それにしてもほっぺたが冷たくて気持ちいい。
すりすり……。
「っはぁ……はぁっ……気持ち……良い」
「……っ……君は……」
眉間にこれでもかというほど皺を寄せて、呆れたように呟いた先生は、なんだか少しだけ血色が良いみたい。
「はぁっ……せん……せ……熱い……っ」
「──なら……」
「ひゃぁっ!?」
ベッド脇に座っていた先生は、自身のマントを取ってソファへと投げると、突然私に覆い被さるようにして倒れ込み、手を回すと、そのまま一気に私の身体を抱き上げた。
な……な……何!?
一気に目覚めた思考が瞬時に何が起こっているのかを視覚と感触から取り込み、脳内で仕事し始める。

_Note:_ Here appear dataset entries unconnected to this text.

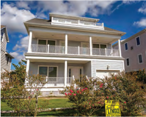
11 HOUSTON STREET 4 Bedrooms | 3.5 Baths | Sleeps 8 Screened Porch Rates: $5,100-$6,500/Week

For more information, please call the Rehoboth Beach office at (302) 227 - 3883 or visit our website at www.JackLingo.com .
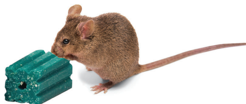
Picture not representative of Bait Placement. Bait stations are mandatory for outdoor, above ground use.
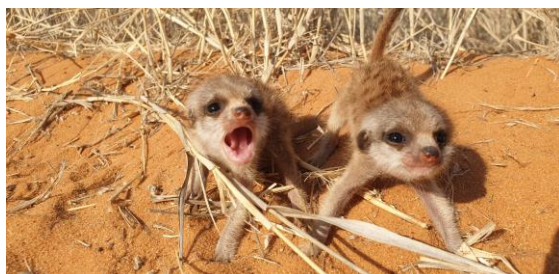
Two of the new pups at Phoenix.

On the 21 st , meerkat volunteer Tara Naeser witnessed a first pup emerge and heard a few more young ones that she was not able to see. There were no more sightings the next week, but on the 28 th it was again Tara who had the honour of meeting the litter of our most skittish group.
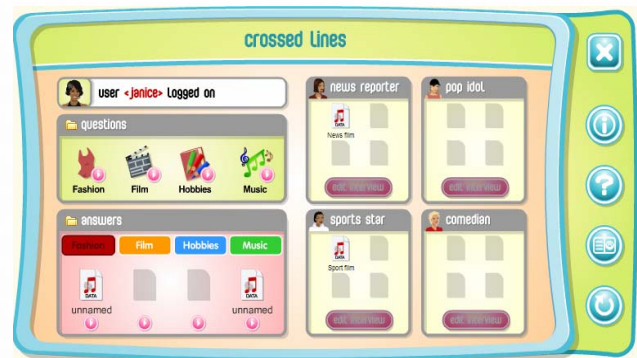
Girls learn interviewing techniques
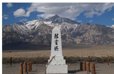
Tour: Manzanar National Historic Site National Park Service
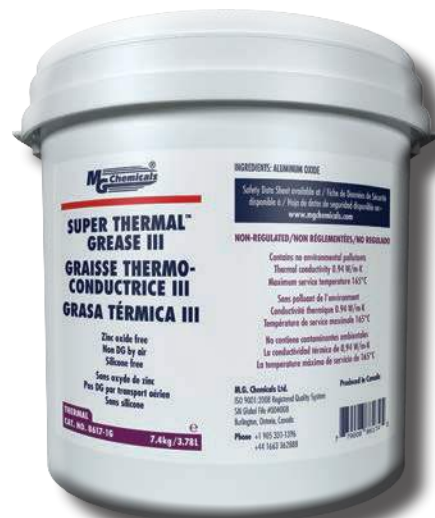
1 Gallon Pail
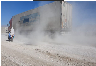
Dust-blowing near a container passing in the Western Bypass area of Quetta close to a stone-crushing plant.

A senior official from the Balochistan Environment Department, speaking on the condition of anonymity due to the sensitivity of the matter, has acknowl-

ベッドで座った状態で、先生に抱きしめられている──。
「あ……あぁぁあの!! 先生!?」
「どうした? 熱いのだろう? 氷魔法で全身を冷やしているのだが……足りないか?」
……は!?
あ、あぁ……そういうこと……。
先生の体を氷魔法で冷やして、人間氷抱き枕になってくれてるってこと……?
いやいやいやいや!!
サービスしすぎでしょ先生!!
「せ、先生!! はぁっ……私、大丈夫ですから……っ!! そ、その、寒いでしょう?」
「いや、自分の魔法だから全く。私のことはいいから、しばらくこのままおとなしくしていなさい」
トントン、と先生の大きな手が私の背を
ま、まさか……さっきまで私のほっぺにあった冷たい感触って……先生の手!?
なのに私……すりすりって……!!
今更ながらに自分の好意に恥ずかしさが襲ってくる。
「ん? どうした?」
体を硬くしたまま黙り込んだ私を不思議に思ったのか、先生は少しだけ私を抱きしめる力を緩めると、あろうことかその端正な顔で私を覗き込んだ。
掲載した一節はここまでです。